A recent analysis by Trulia concludes affordability is currently higher than in the 1980s, when mortgage interest rates hit peaks of 16 percent or more,2 but Trulia’s economists also warn rate hikes will worsen affordability.

As Affordability and Rates Rise, Private Mortgage Insurance Offers a Solution

Against that backdrop, it’s likely some first-time buyers will abandon home searches as prices climb, but other potential buyers will try to move quickly to lock in the benefits of home ownership.

Over the past five years, many first-time buyers have experienced substantial home price appreciation.  On average, according to the National Association of REALTORS®, a median-priced single-family home increased in price by 39 percent from 2013 to 2018 – jumping $67,600 to $241,700.

Another benefit of buying rather than continuing to rent is that buyers with a conventional, fixed-rate loan can build equity with every monthly payment. Over time, this equity can be a vital asset, whether they sell the home and benefit from any gains through home price appreciation, or continue living in it after paying off the mortgage.

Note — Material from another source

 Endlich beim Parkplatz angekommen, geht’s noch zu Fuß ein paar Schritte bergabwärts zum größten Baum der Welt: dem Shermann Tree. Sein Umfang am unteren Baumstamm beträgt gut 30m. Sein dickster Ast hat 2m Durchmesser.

Renters don’t receive those economic benefits and also face the prospect of future rent increases. According to the U.S. Census Bureau, the cost of rental units climbed 21 percent, from $746 in December 2014 to $910 in December 2017.

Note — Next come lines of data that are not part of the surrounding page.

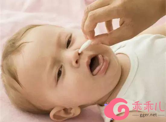 1、当鼻屎引起宝宝出现鼻塞的状况时,可拿婴儿棉签沾些温水或婴儿油给他的小鼻孔滋润一下,在宝宝哭的时候或是打喷嚏的时候把鼻屎带出来,尽量不要人为干预。
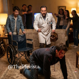 My brother suddenly shoved me, flipping my wheelchair and sending me crashing to the tile floor. ‘Stop faking it for attention,’ he sneered. The whole family burst into laughter as I struggled to catch my breath, and no one bothered to help me up. What they didn’t know… was that my doctor had been standing right behind them, quietly observing everything. He cleared his throat, stepped forward, and said the words that froze the entire room.
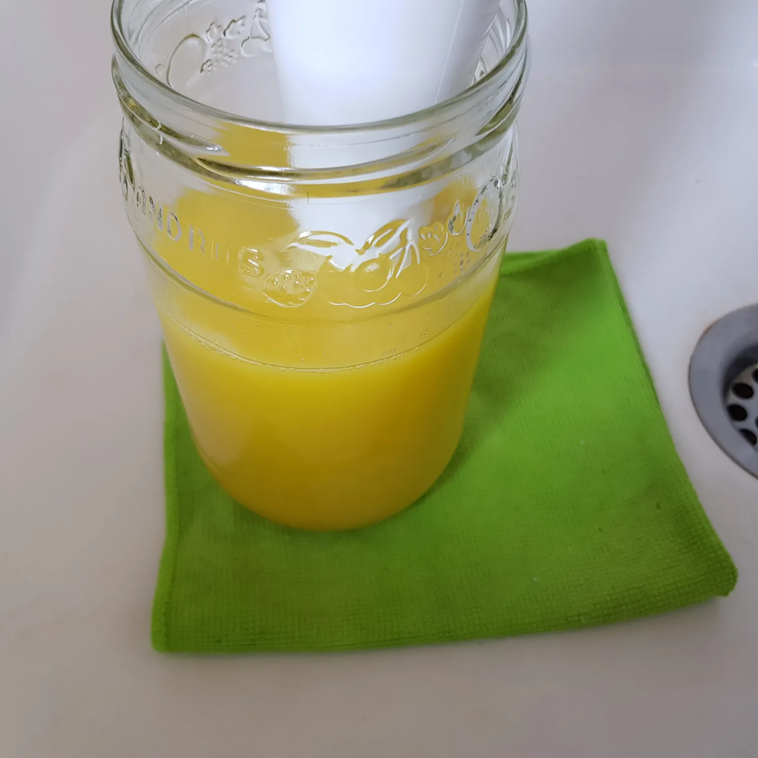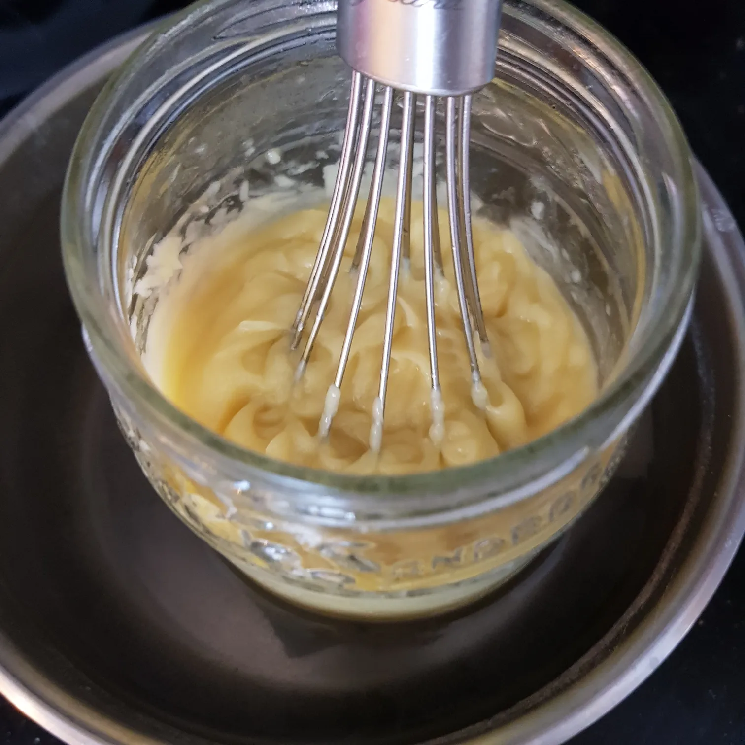 - Homogénéiser le mélange à l’aide d’un mixeur plongeant. Cesser de mixer lorsqu’une émulsion (non stable) est obtenue.

For current renters, part of the attraction of buying a home is the knowledge the mortgage payment on a fixed-rate loan won’t increase during the entire life of the loan.

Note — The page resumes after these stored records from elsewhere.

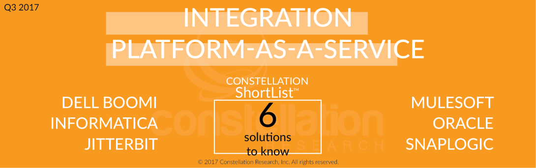 Constellation Research estimates that by 2020, at least 60 percent of the data that the average organization considers to be mission-critical will live outside of the corporate firewall. Against this backdrop, the Integration Platform as a Service (IPaaS) is emerging as a one-stop, cloud-based choice for supporting both data and application integration. It helps companies integrate SaaS applications with other SaaS applications, SaaS applications with on-premises applications and cloud- based data with on-premises data. It also supports data- monetization scenarios, whereby data and insight pipelines serve multiple destinations.
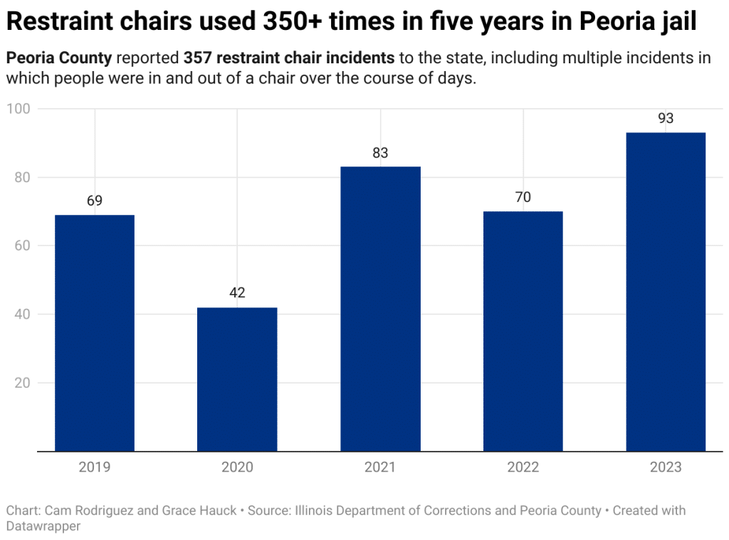 In Peoria County, an Illinois Answers analysis found that, from 2019 to 2023, jail staff indicated evidence of a mental health issue in at least 70% of the 357 known restraint chair incidents.
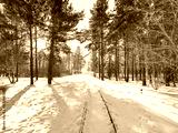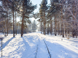Winter landscape scenery with country road through the snow-covered fields, rural area.
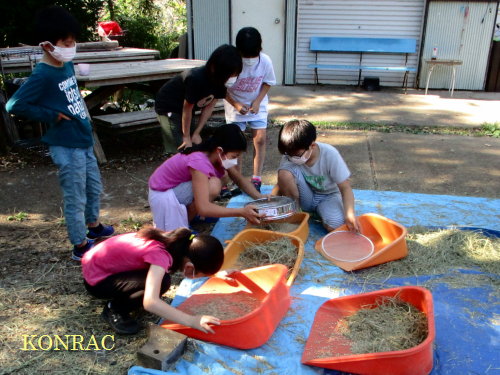 場所 生田緑地整備事務所裏 221002 参加(里山の自然学校 3年生)房安弘太郎 (里山の自然学校 2年生)久保田あかり、柴田綾乃、吉田絃 (里山の自然学校 1年生)安達湊都、塩田采央 石垣来花、伊藤奏人、卜部愛理、川口珠璃、河村桧弦、久保田隼人 小林紗羅、北條真海、山内貴心 15 名( 6人欠席) 卒業生サポーター)小野寺花柑 水田ビオトープ班応援)東 陽一、伊澤高行、田村成美 講師(事務局) 岩田臣生、岩田芳美 総勢 21 名 9:20 (生田緑地整備事務所裏ヤード) 脱穀を行う事務所裏ヤードには、石ころやクヌギのドングリなどが転がっていますので、全面を竹箒で掃きました。 それから、作業範囲2ヶ所にシートを敷いて、事務所による日陰のシートに、足踏み式イネコキ機を出して、ホコリを払い、作動部に潤滑剤を塗布して、イネコキができるように準備しました。
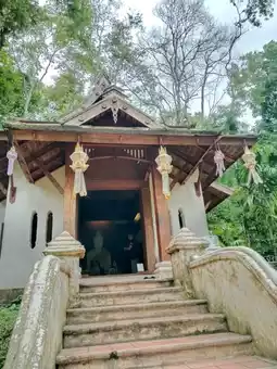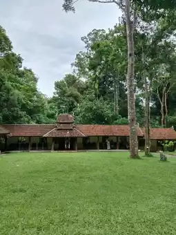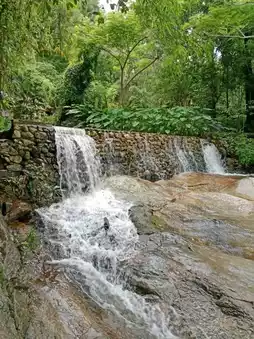 The temple is shady and the air is cool and comfortable. Hear the sound of water flowing down from the top of the mountain. The trees are pleasing to the eyes with greenery.

By financing their home purchase with mortgage insurance, eligible buyers can buy with only a modest down payment. In addition, homebuyers who choose MI may see their monthly payments decline when the MI premium portion of the loan is canceled, which can happen automatically once the mortgage balance is scheduled to drop to 78 percent of the property’s original value if the homeowner is current on payments.

With affordability expected to decline, current renters who wish to buy a home risk being priced out of the market by delaying action.

Under certain circumstances, MI premiums can be canceled even sooner at the homeowner’s written request when the principal balance of the loan is scheduled to fall to (or actually reaches, based on accelerated payments) 80 percent of the original value of the property. Requirements for borrower initiated cancellation include no junior liens on the property, a good payment history, and no decline in the property value.3 Also, investor guidelines may allow consideration of home price appreciation (instead of just original value) in the MI cancellation decision.4

With affordability expected to decline, current renters who wish to buy a home risk being priced out of the market by delaying action. In a period where it’s important for potential homebuyers with steady jobs and good credit to move quickly to purchase a house as inventories continue to tighten, MI can provide the flexibility needed to make the most of available opportunities with down payment options to fit a variety of needs.

1 “Rising Mortgage Rates Threaten Housing Affordability and Inventory,” Zillow Research, March 13, 2018.

2 “Not Your Father’s Housing Market,” Trulia, March 7, 2018.

3 See the Homeowners Protection Act of 1998 for more details.

4 Homeowners should discuss this potential option with their mortgage servicer.